Director: Spike Jonze
Starring: Max Records, Catherine Keener, Mark Ruffalo, JamesGandolfini, Forest Whitaker
UK Release date: 11 December 2009
Certificate: PG (101 mins)
It’s very hard to place Where the Wild Things Are. Pan’s Labyrinth, another film whose child-hero escapes through her imagination, is more violent and dangerous; Fantastic Mr. Fox, another children’s classic made into a feature film, is popcorn in comparison. Both have surface similarities to Where the Wild Things Are – monsters and creatures, the fantasy land of animation – but then the comparison begins to unravel. Where the Wild Things Are is no child’s film, despite its furry monsters and its roots in Maurice Sendak’s ten-sentence-long children’s book. Director Spike Jonze has thickened the story into a parable about human weakness.

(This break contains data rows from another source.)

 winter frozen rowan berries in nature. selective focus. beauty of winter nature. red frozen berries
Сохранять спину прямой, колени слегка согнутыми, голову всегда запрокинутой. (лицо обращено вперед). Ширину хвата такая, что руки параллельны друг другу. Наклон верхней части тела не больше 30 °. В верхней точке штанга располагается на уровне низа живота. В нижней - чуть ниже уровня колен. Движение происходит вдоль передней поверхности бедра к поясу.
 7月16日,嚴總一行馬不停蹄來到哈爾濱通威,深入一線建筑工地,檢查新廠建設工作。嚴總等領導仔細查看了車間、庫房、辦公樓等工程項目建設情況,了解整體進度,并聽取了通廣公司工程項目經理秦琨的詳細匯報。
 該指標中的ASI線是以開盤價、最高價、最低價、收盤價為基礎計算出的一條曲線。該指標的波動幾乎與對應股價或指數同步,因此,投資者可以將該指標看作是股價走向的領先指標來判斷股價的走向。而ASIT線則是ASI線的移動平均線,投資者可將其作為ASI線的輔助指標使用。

Max is the child fleeing from his frustrations with his imperfect, lonely life – solo mother stressed out with it all, older sister whose boyfriends are too big for Max’s games – leaping from wildness to vulnerability, wrestling his dog to the floor then crying as his igloo is squashed with him in it. His temper whips out in frustration and through his howls he enters the mirror world of the wild things. Under big skies he sails to an island inhabited by this unhappy group of creatures who believe his tales of his own greatness and make him their king. What unfolds is Max’s attempt to create the perfect community, where the only things that are allowed to happen are those that should happen, and anyone who isn’t allowed in gets their brains eaten out.

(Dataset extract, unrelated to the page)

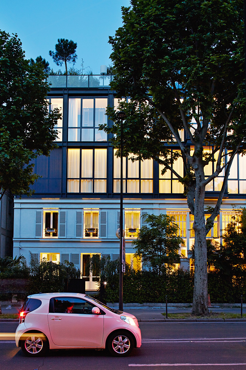 Архитектор Жозеф Карам проделал колоссальную работу. Этот титанический проект ждал своей реализации несколько лет, ещё два года ушло на строительство. Караму достался особняк у Булонского леса, датировавшийся началом прошлого столетия. Эта постройка в стиле северный модерн стала отправной точкой для дома в его нынешнем изводе. Архитектор называет проект даже не реновацией или реконструкцией, а реабилитацией, на больничный манер.

But this is no childish film. Each monster characterises a human need. Carol takes pleasure in his bigness, wants to protect everyone and lashes out when his adoration isn’t returned. Alex the goat complains that no one ever listens to him and is hurt by all the rough rumpus they conjure up. There’s Judith, whose downward predictions save her from raising any hopes. The list goes on, and if the characterisations sound trite here the fault is in the description rather than the film. Each monster is strikingly real. Each performs for love and repeats the performance even though they are never satisfied with the love they receive back. It’s impossible to watch this and not think: there’s me – there’s my friend X – I remember her doing that to me – that’s what I do when I feel unloved! The young boy seated behind me grew bored of the film after the first appearance of the monsters; his parents sat in rapt silence.
This community of monsters is a community of people that flit between child-like and adult behaviour. Max is the king and then the child; the monsters have seen it all before yet hope that with him it will be different. If there wasn’t so much love in the film it would be debilitating viewing: how are humans meant to get by with each other if our needs are so immodest and our disappointment with each other so bitter? The wild things are caught in a trap of repetition, their memories of hurt and wound keeping them warm.

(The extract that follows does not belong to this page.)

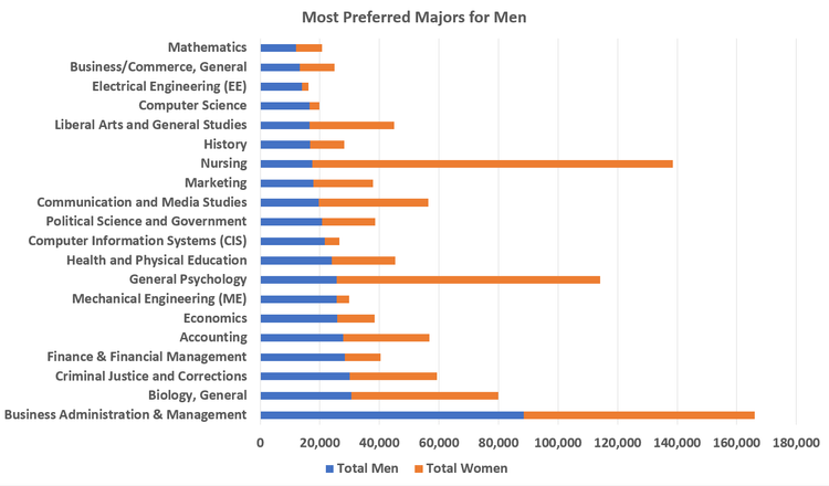 This chart doesn’t prove what you think it does. Aside from the fact that teaching is on the list of women’s majors twice, the only “science” women are taking in great numbers is nursing, which is a classic “pink collar” career (engineering isn’t even on the list). And women are over represented in the “soft” majors, while men are over represented in the business/finance/engineering majors. Business is the only major that’s close to equity, and that’s because business schools are very competitive and they try to admit equal numbers of men and women. |

At times the tone and slowness of the film feels like an aunt giving you a didactic lecture that you know to be true but still want to hurry up to the conclusion. Thankfully Jonze resists this. It’s no structured fairytale: no magic quest for Max to go on that will solve each of the monsters’ weakness. The symbol of forgiveness between him and his mother with which it ends, Max’s eyes opened slightly more to her vulnerability, is the softer and truer climax. Wild things they may all be – but by the end you want to hug the whole metaphorical lot of them.